Another option for heavily pretreated patients is a targeted toxin therapy that was approved by the FDA in 2018. In 77 patients who had received a median of three previous treatments, it produced a 77% overall response rate with 43% achieving complete remission. Among those who achieved complete remission, 83% maintained their response at roughly two years of follow-up.
Living With HCL
Hairy cell leukemia has one of the best prognoses of any blood cancer. With modern treatment, most patients live a normal or near-normal lifespan. The disease tends to behave more like a chronic condition that flares occasionally than an aggressive cancer requiring continuous treatment. Many patients go years between treatments, and some never need a second course.

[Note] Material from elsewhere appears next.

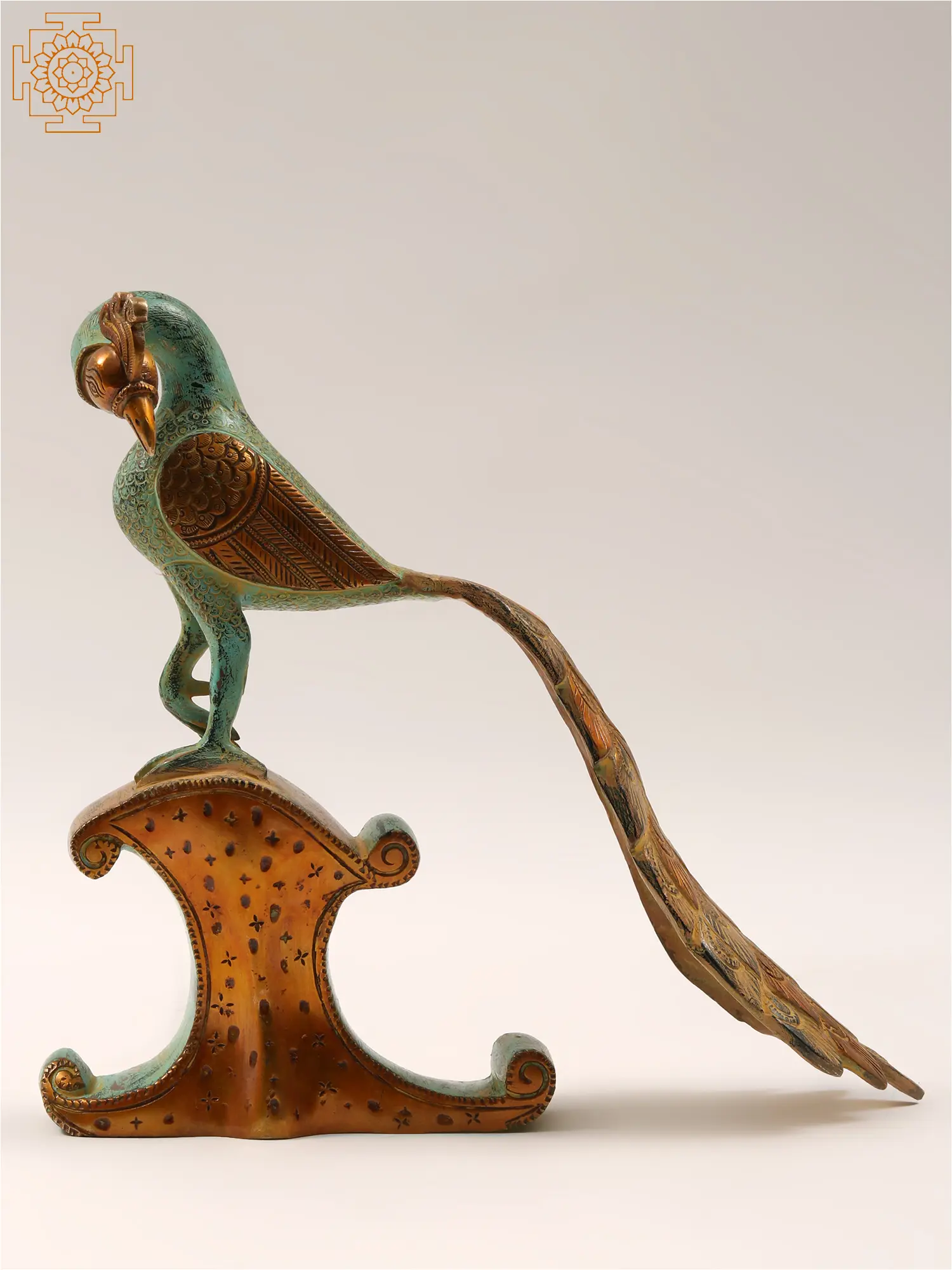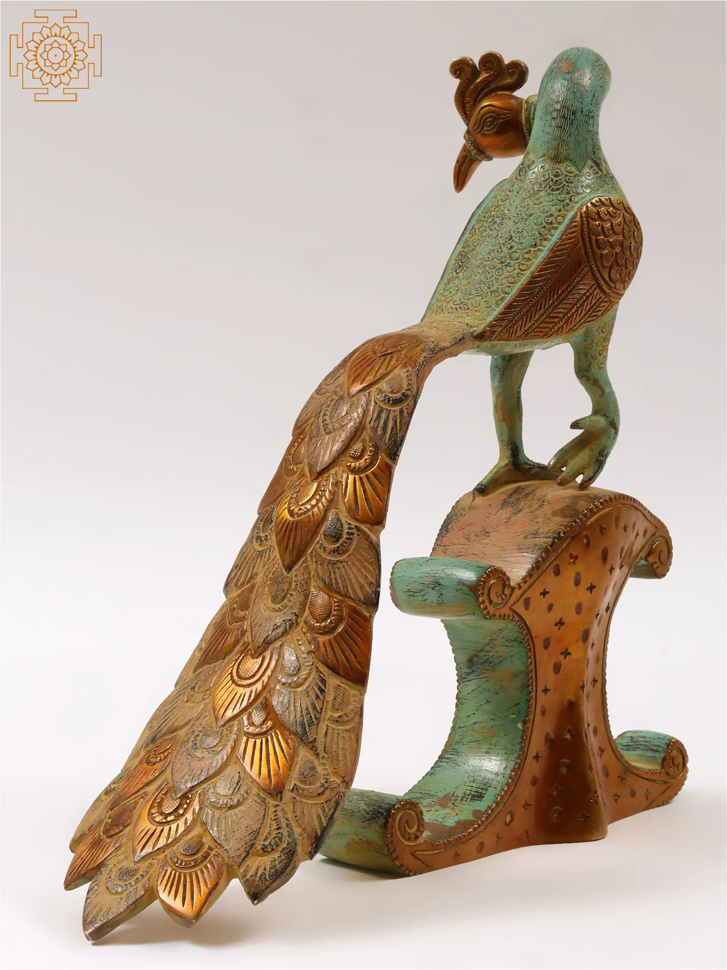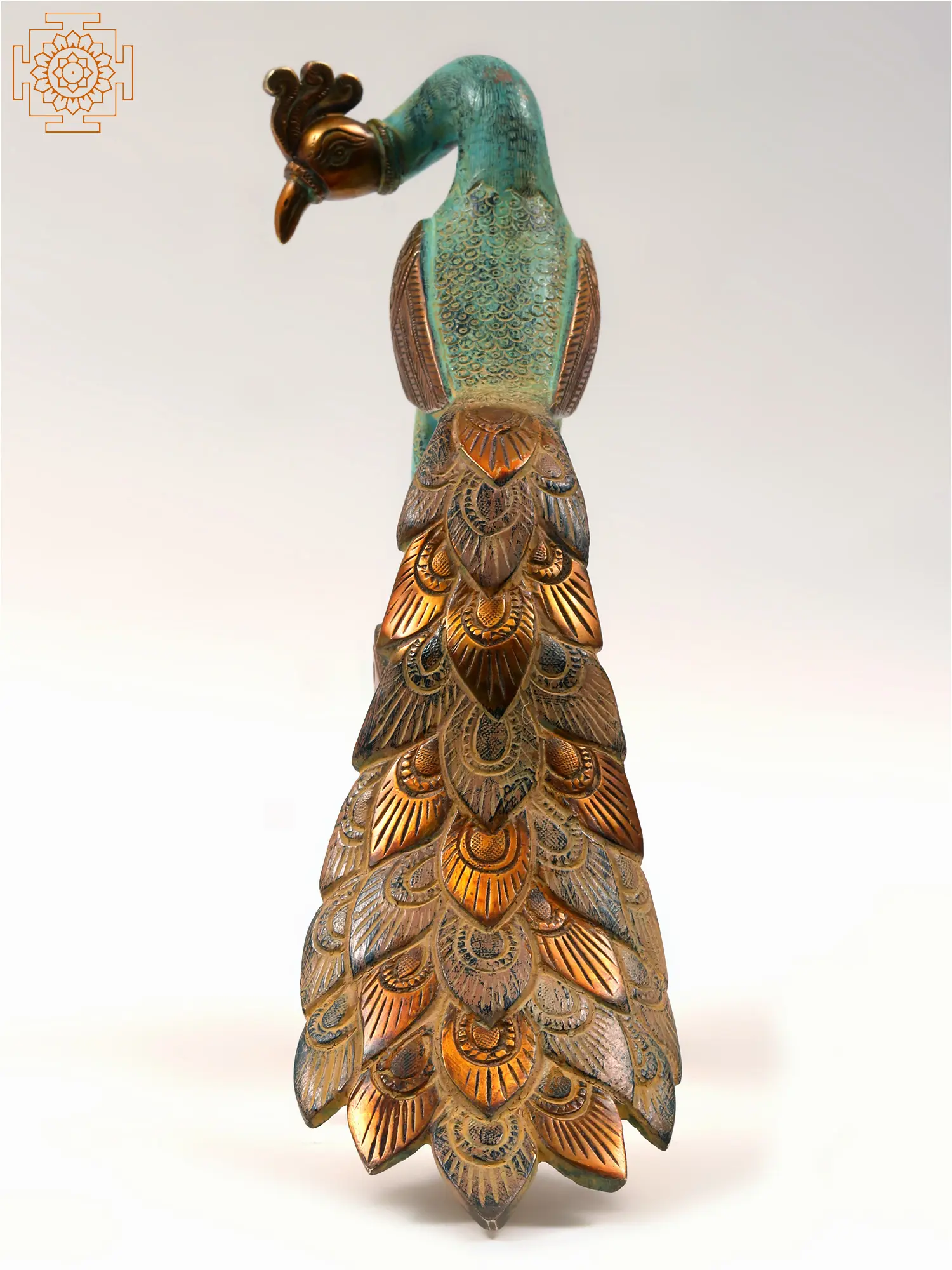 Painstakingly crafted from brass, this masterpiece captures the regal allure of the majestic peacock in its full splendour.  Its iridescent feathers shimmer with a captivating play of colours, reflecting the essence of opulence and beauty.

The most significant ongoing concern is infection risk. Even during remission, some patients retain mildly suppressed immune function. Paying attention to fevers, avoiding known sick contacts during periods of low blood counts, and staying current on recommended vaccinations are practical steps that make a real difference. Regular blood work to monitor counts is standard follow-up, typically every few months initially and then less frequently as remission stabilizes.